What you return should be the complete listing, unchanged, with no pictures in it.

Supplied material
--

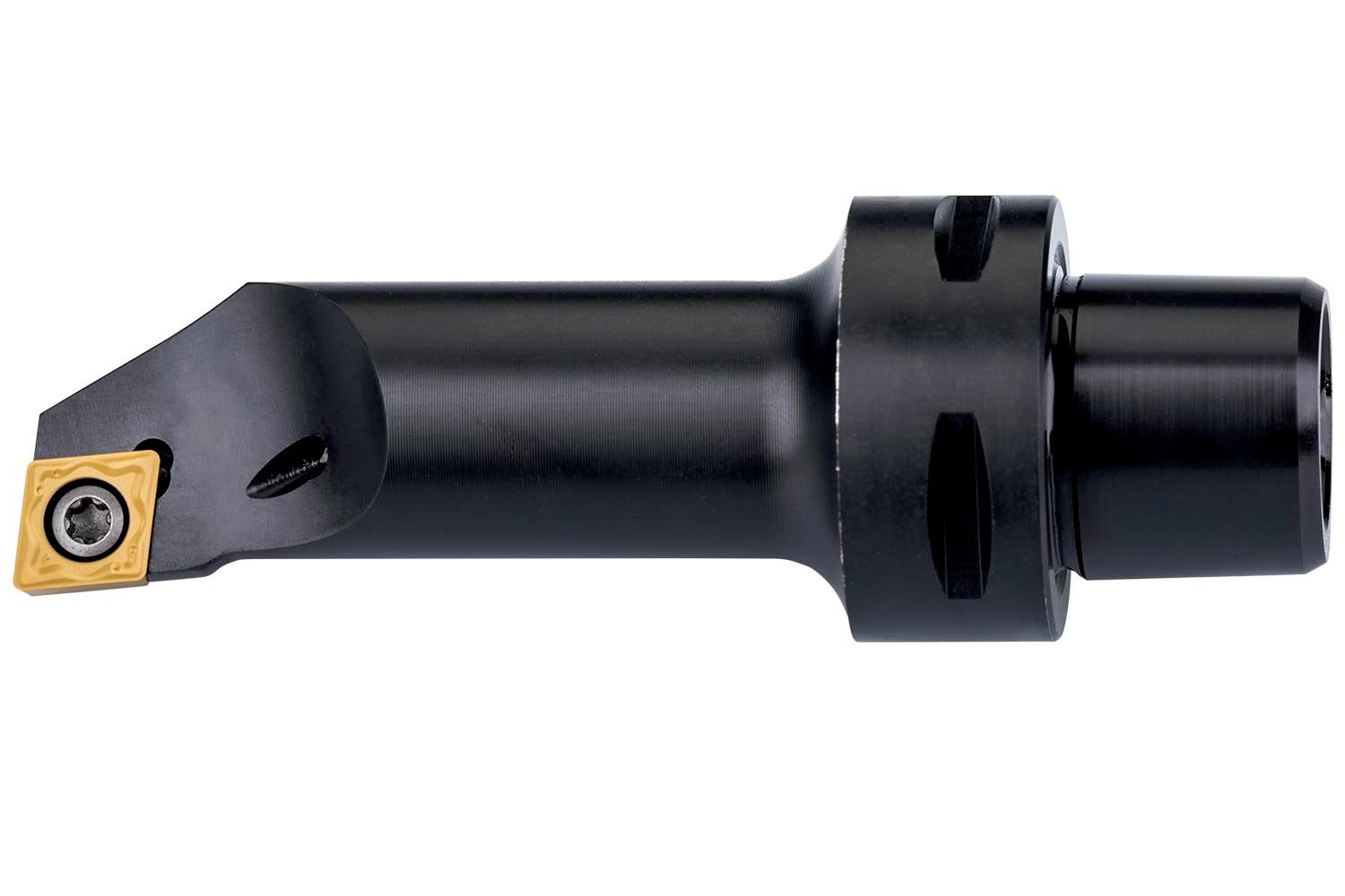 Screw clamp boring bar for holding a 80° rhombus positive insert with an inscribed circle diameter of 9.525mm, 3.97mm thick (ISO designation CC.. 09T3.. ), right hand 95° side and end cutting with off-set shank according to ISO 26623 (Polygon Shank Coupling) size C3, with 11mm funtional width and 65mm protruding length for taper boring and longitudinal boring with and without shoulder
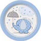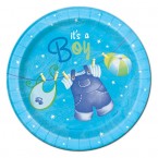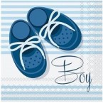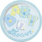 Coordinato Benvenuto per festa Baby Shower bimbo, nei colori azzurro e blu, decorato con delicate righe azzurre, scarpette e vestitini da bebè. Crea la tua festa abbinando gli articoli del coordinato ad accessori e decorazioni in tinta unita azzurro e blu.
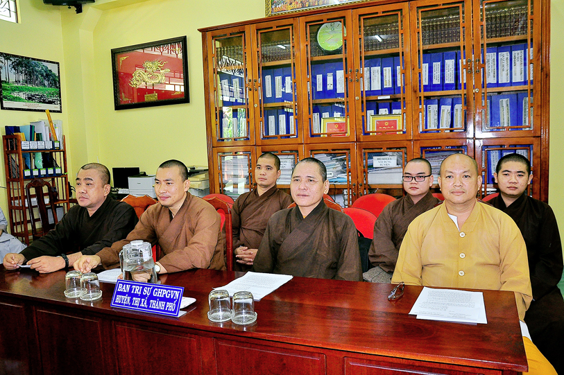 Tham dự và chứng minh buổi họp có: HT. Thích Huệ Hồng- Chứng minh BTS GHPGVN tỉnh Long An; HT. Thích Minh Thiện Uỷ viên HĐTS, Phó Trưởng Ban Hoằng pháp TƯ GHPGVN, Trưởng Ban Trị sự GHPGVN tỉnh Long An; TT. Thích Quảng Tâm – Uỷ viên HĐTS, Phó Thường trực BTS, Trưởng ban từ thiện GHPGVN tỉnh Long An; HT. Thích Thiện Tài – Phó BTS, Trưởng Ban Nghi Lễ GHPGVN tỉnh Long An; cùng chư tôn đức thường trực BTS tỉnh, chư tôn đức thường trực BTS các huyện, thị trực thuộc tỉnh Long An và chư tôn đức ban chức sự của 11 hạ trường đồng về tham dự.
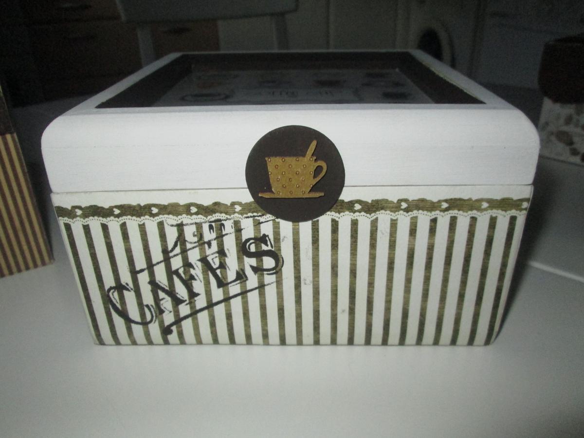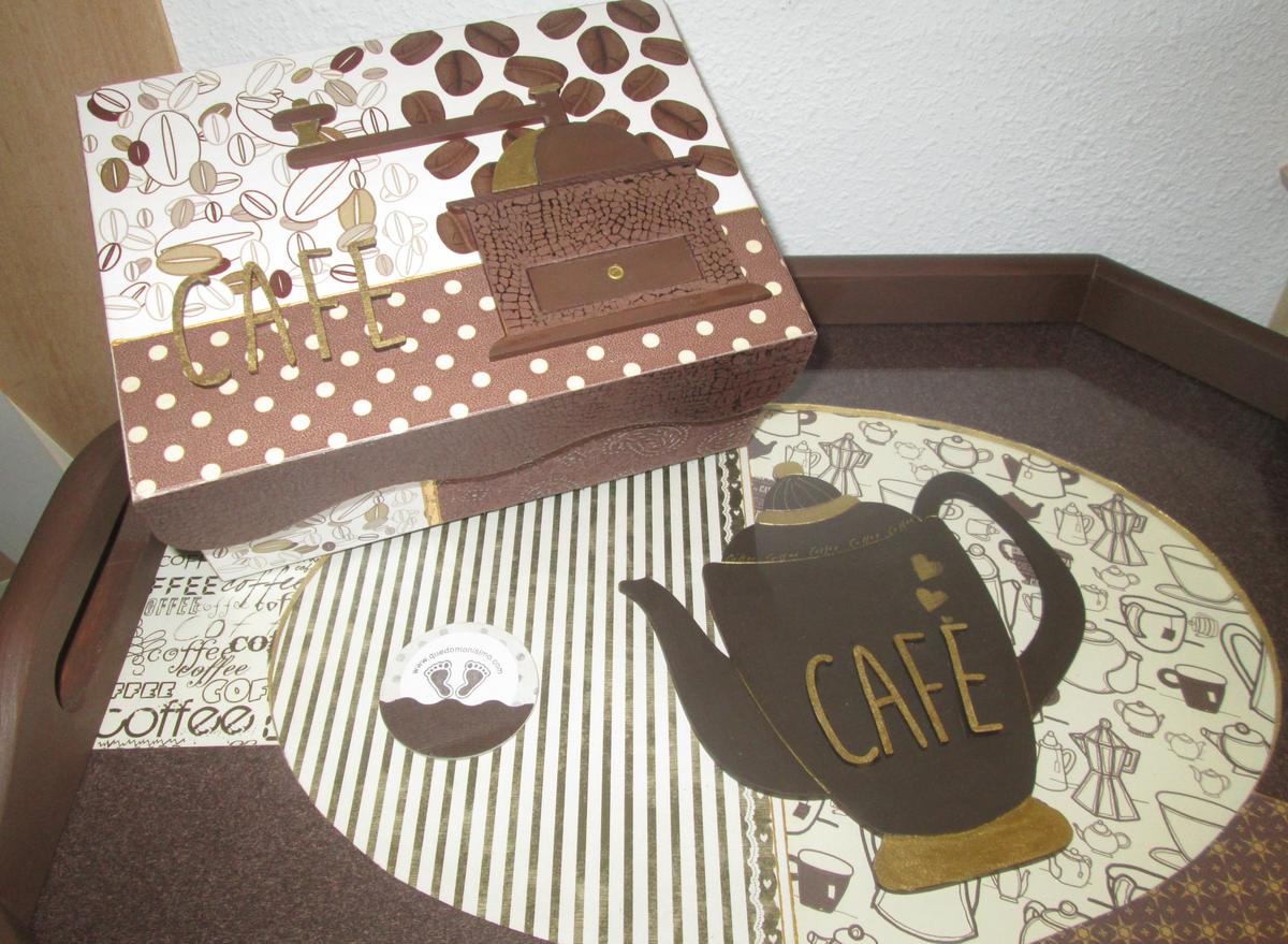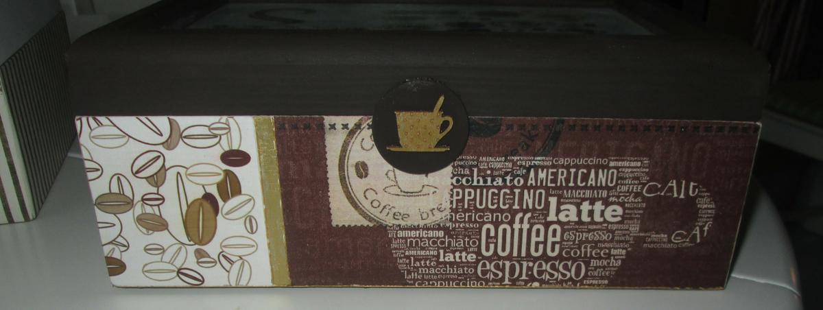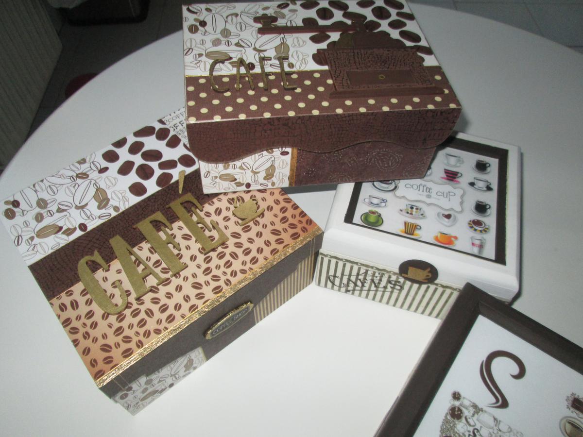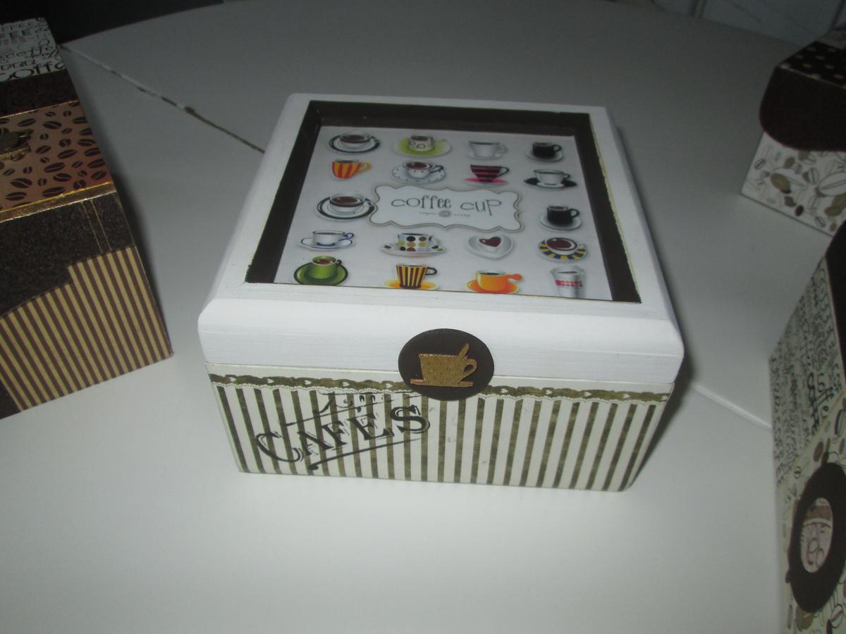 Mi cuñado y mi hija me pidieron que les hiciese una cajita para guardar las capsulas de café y una bandeja. Debió de ser un proyecto que me emocionó mucho porque me puse a ello y he hecho toda una colección. Bueno… ya veré que hago con ello, lo mismo lo pongo en wallapop o en Trueketeke.

--

Finished exercise
 Screw clamp boring bar for holding a 80° rhombus positive insert with an inscribed circle diameter of 9.525mm, 3.97mm thick (ISO designation CC.. 09T3.. ), right hand 95° side and end cutting with off-set shank according to ISO 26623 (Polygon Shank Coupling) size C3, with 11mm funtional width and 65mm protruding length for taper boring and longitudinal boring with and without shoulder
 Coordinato Benvenuto per festa Baby Shower bimbo, nei colori azzurro e blu, decorato con delicate righe azzurre, scarpette e vestitini da bebè. Crea la tua festa abbinando gli articoli del coordinato ad accessori e decorazioni in tinta unita azzurro e blu.
 Tham dự và chứng minh buổi họp có: HT. Thích Huệ Hồng- Chứng minh BTS GHPGVN tỉnh Long An; HT. Thích Minh Thiện Uỷ viên HĐTS, Phó Trưởng Ban Hoằng pháp TƯ GHPGVN, Trưởng Ban Trị sự GHPGVN tỉnh Long An; TT. Thích Quảng Tâm – Uỷ viên HĐTS, Phó Thường trực BTS, Trưởng ban từ thiện GHPGVN tỉnh Long An; HT. Thích Thiện Tài – Phó BTS, Trưởng Ban Nghi Lễ GHPGVN tỉnh Long An; cùng chư tôn đức thường trực BTS tỉnh, chư tôn đức thường trực BTS các huyện, thị trực thuộc tỉnh Long An và chư tôn đức ban chức sự của 11 hạ trường đồng về tham dự.
 Mi cuñado y mi hija me pidieron que les hiciese una cajita para guardar las capsulas de café y una bandeja. Debió de ser un proyecto que me emocionó mucho porque me puse a ello y he hecho toda una colección. Bueno… ya veré que hago con ello, lo mismo lo pongo en wallapop o en Trueketeke.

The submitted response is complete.